Giovedì 22 febbraio 2018, alle ore 20.30 al Teatro Sannazaro il gradito ritorno per la Associazione Alessandro Scarlatti della rivoluzionaria orchestra Spira mirabilis dopo il successo del concerto del 2011.
37 giovani musicisti provenienti da tutto il mondo che hanno deciso di incontrarsi per suonare liberi da ogni schema, e che hanno scelto per nome Spira mirabilis, la figura geometrica che gode di una particolarissima proprietà: di qualunque dimensione essa sia, risulta sempre sovrapponibile a se stessa.
Allo stesso modo il progetto della compagine orchestrale mantiene la propria identità indipendentemente da quanti musicisti ne prendano parte.

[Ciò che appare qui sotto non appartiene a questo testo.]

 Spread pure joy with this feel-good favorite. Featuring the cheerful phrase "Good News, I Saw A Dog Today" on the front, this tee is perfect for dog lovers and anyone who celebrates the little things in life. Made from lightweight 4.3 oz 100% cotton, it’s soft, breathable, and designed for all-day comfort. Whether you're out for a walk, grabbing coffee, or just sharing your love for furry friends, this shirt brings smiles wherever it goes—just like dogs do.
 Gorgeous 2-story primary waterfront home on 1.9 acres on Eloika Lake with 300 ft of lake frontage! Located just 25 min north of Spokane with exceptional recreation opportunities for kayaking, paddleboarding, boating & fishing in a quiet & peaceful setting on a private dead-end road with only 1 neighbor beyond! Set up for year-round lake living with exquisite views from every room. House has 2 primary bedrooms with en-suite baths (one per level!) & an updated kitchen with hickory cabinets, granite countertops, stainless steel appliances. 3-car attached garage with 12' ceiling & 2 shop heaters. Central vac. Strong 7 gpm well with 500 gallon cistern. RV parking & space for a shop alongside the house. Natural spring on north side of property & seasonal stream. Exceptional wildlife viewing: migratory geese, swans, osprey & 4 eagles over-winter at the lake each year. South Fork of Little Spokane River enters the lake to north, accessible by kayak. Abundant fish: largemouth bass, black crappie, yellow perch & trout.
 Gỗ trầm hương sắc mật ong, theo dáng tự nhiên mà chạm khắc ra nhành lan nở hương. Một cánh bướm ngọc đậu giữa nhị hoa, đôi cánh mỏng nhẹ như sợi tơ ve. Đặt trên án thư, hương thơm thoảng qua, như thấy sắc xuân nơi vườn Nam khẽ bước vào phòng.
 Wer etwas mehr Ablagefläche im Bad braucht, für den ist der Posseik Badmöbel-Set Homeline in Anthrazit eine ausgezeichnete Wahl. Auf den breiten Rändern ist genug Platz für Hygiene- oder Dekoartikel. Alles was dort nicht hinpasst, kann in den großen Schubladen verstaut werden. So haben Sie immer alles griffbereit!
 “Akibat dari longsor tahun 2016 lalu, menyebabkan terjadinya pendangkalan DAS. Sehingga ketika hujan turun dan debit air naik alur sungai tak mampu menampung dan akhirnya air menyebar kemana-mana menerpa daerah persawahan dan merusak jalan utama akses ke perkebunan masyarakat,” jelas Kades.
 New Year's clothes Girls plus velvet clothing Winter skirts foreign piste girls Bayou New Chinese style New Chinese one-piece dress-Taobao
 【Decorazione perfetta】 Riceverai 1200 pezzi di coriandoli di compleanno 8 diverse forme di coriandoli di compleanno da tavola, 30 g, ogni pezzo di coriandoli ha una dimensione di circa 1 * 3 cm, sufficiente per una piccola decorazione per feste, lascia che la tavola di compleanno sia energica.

L’esigenza di questi incontri è nata dove non ci si aspetterebbe: tutti i musicisti partecipanti sono professionisti coinvolti in molte delle più dinamiche ed interessanti realtà musicali europee (Orchestra Mozart, Berliner Philharmoniker Akademie, Luzern Festival Orchestra, Mahler Chamber Orchestra, Chamber Orchestra of Europe), ma questa situazione fortunata invece di dare piena soddisfazione, ha alimentato il desiderio di qualcosa di diverso.
Nelle grandi orchestre si prova sempre meno – spiegano – il risultato è di qualità, ma manca il piacere di studiare, di entrare nella partitura, di essere musicista e non solo fare il musicista”.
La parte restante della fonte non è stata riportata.